Dynamic damage evolution of bank slopes with serrated structural planes considering the deteriorated rock mass and frequent reservoir-induced earthquakes

Abstract

To investigate the dynamic damage evolution characteristics of bank slopes with serrated structural planes, the shaking table model test and the numerical simulation were utilized. The main findings indicate that under continuous seismic loads, the deformation of the bank slope increased, particularly around the hydro-fluctuation belt, accompanying by the pore water pressure rising. The soil pressure increased and then decreased showed dynamic variation characteristics. As the undulation angle of the serrated structural planes increased (30°, 45°, and 60°), the failure modes were climbing, climbing-gnawing, and gnawing respectively. The first-order natural frequency was used to calculate the damage degree (Dd) of the bank slope.

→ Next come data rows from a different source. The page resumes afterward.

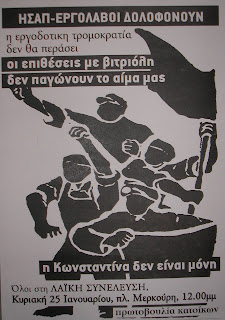 Λαϊκή συνέλευση, ύστερα από πρωτοβουλία κατοίκων των γειτονιών μας, θα πραγματοποιηθεί την Κυριακή 25 Ιανουαρίου 2009 (12.00) στην πλατεία Μερκούρη, στα Άνω Πετράλωνα. Κεντρικό ζήτημα της συνέλευσης είναι η υπόθεση της Κωνσταντίνας Κούνεβα και η παραπέρα συνέχιση της δράσης μας.
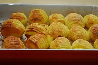 Les hasselbackspotatis (en suédois : pommes de terre Hasselback, ou pommes de terre à la Hasselbacken) sont une recette de pommes de terre cuites, où les pommes de terre sont coupées en tranches minces environ jusqu'à la moitié (on peut s'aider d'un manche de cuiller en bois pour éviter de couper jusqu'au bout). Du beurre, de la chapelure et des amandes sont ajoutés sur le dessus des pommes de terre lors de la cuisson[1].
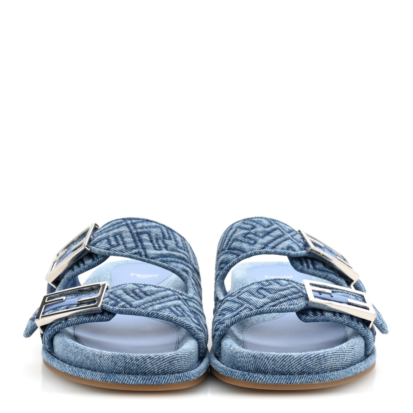 Denim FF Quilted Fendi Feel Buckled Slide Sandals 37.5 Blue
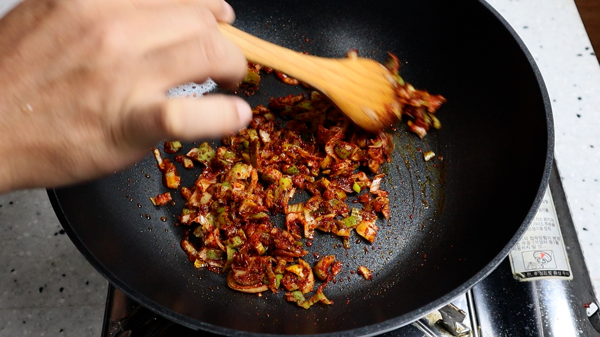 21. 골고루 섞으면서 3~4분을 볶아주세요.
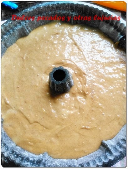 Volcamos en el molde preparado y horneamos a 180º aproximadamente 50 ó 60 minutos (dependerá de cada horno).
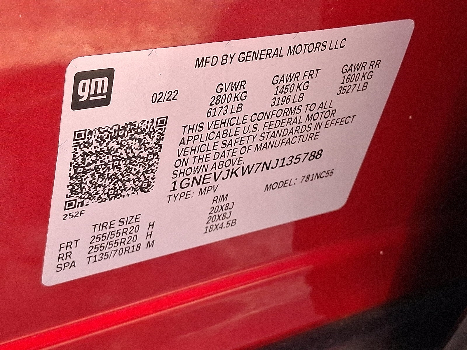 - Tires, P255/55R20 all-season blackwall
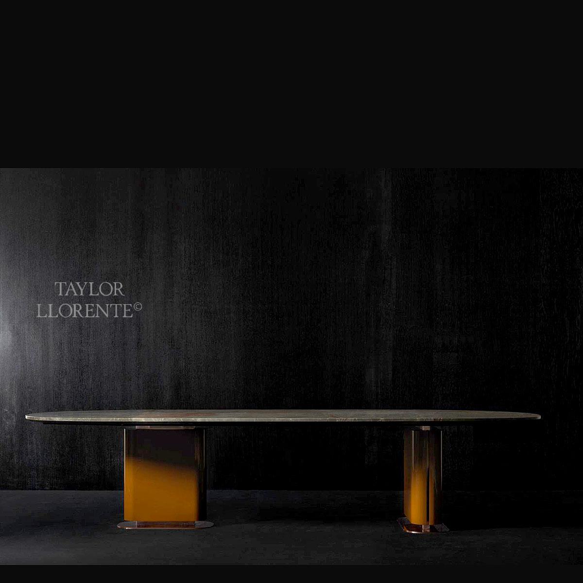 Table metal structure and detailing available finished in brass, bronze, burnish bronze or copper.

During microseisms and small earthquakes, it was discovered that the evolution of Dd followed the “S” shape, which was fitted by a logic function. Additionally, the quadratic function was used to fit the Dd during moderately strong earthquakes. Through the numerical simulation, the variation characteristics of safety factors (Sf) for slopes with serrated structural planes and slopes with straight structural planes were compared. Under continuous seismic loads, the Sf of slopes with straight structural planes reduce stalely, whereas the Sf for slopes with serrated structural planes was greater than the former and the reduction rate was increasing.